Your objective: Only the lines below from the one that holds "- レトロ木製インテリア雑貨" through the one that holds "直播全国象棋甲级联赛,跟着高手的节奏,持续提升棋艺。" should appear in the answer, copied exactly, end lines included and pictures omitted.

Supplied information:

════════════════════

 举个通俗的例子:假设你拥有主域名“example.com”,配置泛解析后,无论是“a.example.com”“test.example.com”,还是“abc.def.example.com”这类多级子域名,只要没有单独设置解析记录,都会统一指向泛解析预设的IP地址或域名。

════════════════════

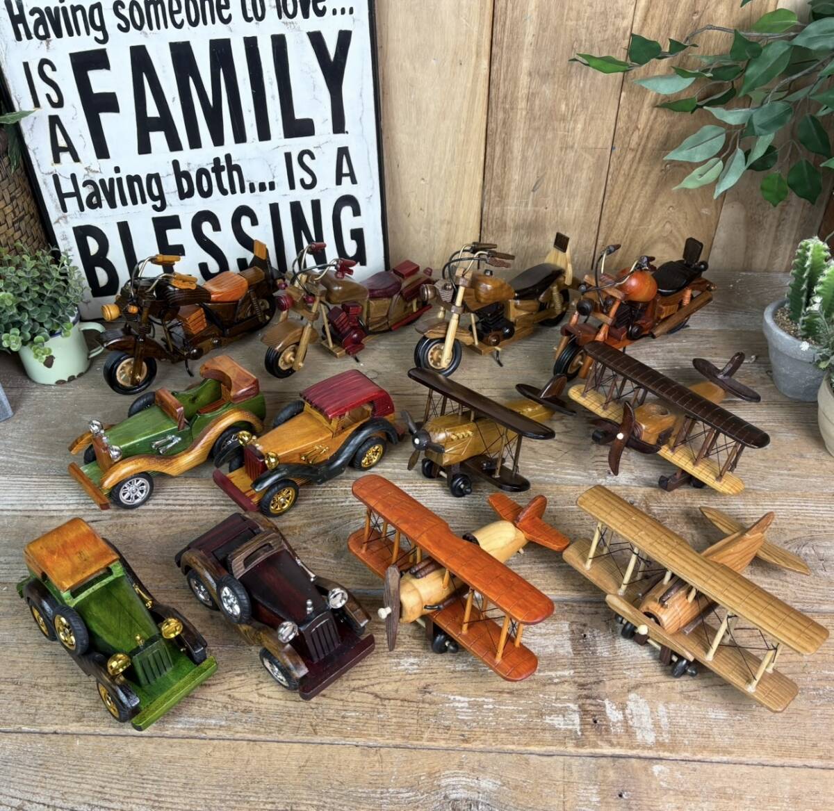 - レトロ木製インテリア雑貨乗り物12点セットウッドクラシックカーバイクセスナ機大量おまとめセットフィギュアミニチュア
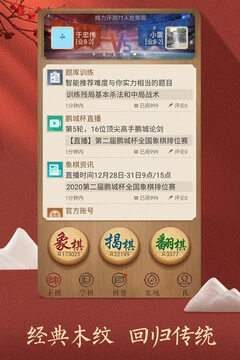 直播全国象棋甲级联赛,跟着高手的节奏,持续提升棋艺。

════════════════════

Response to the task:
 - レトロ木製インテリア雑貨乗り物12点セットウッドクラシックカーバイクセスナ機大量おまとめセットフィギュアミニチュア
 直播全国象棋甲级联赛,跟着高手的节奏,持续提升棋艺。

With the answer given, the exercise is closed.